Throughout Comras’ career, matching tenants with retail space has not always proven to be an easy proposition. He has grappled with issues related to merging contemporary retail with historic preservation in Miami Beach. “There’s a constant battle to reach a compromise, working together with the city to find a happy medium,” he said.
It took him several years to get the Apple lease deal approved. “I worked on three different buildings with Apple before I finally got the new location nailed down,” Comras said, noting that he had wrangled with the city of Miami Beach over the design of a building, “which nearly killed the deal,” and forced him to find a different site.
“Every deal has challenges,” Comras said. “It’s a matter of how you manage those challenges.”
Even some who have litigated against him say they respect him, like Miami Beach landowner Sam Herzberg, who began buying property along Lincoln Road in the late 1990s, about the same time as Comras.

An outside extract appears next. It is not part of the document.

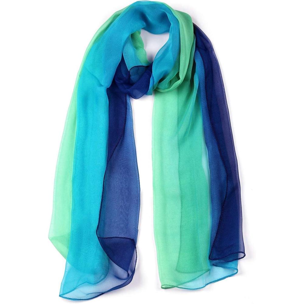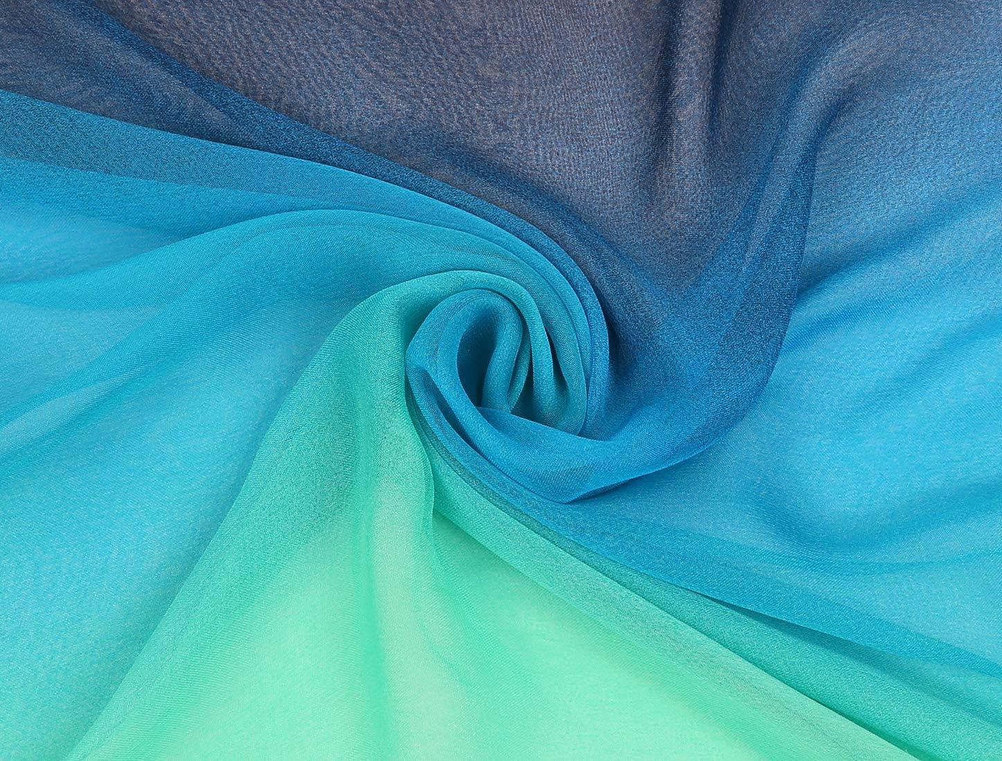 uxcell Long Chiffon Lightweight Sheer Wedding Scarf Silky Gradient Color Party Shawl Spring Summer Beach Wrap for Women(Blue Green)

The Comras Company sued Herzberg’s firm in 2000 over the payment of a $65,000 commission for having secured Victoria’s Secret at 901 Lincoln Road, according to the complaint. But they settled the lawsuit “amicably” after a couple of years, said Herzberg, who owns the Sterling Building at 927 Lincoln as well as 901 Lincoln. “It hasn’t made any dent in our relationship,” he said. “We are still very, very, friendly.”
Even now, Comras continues to handle Herzberg’s leasing. “He is a great asset in the sense that he has contacts with all these big national retailers,” Herzberg noted, adding that Comras also has a knack for “fitting the right tenant in the right location.”
“Michael is a very bright, hard-working individual, and he deserves all the success he has,” Herzberg said.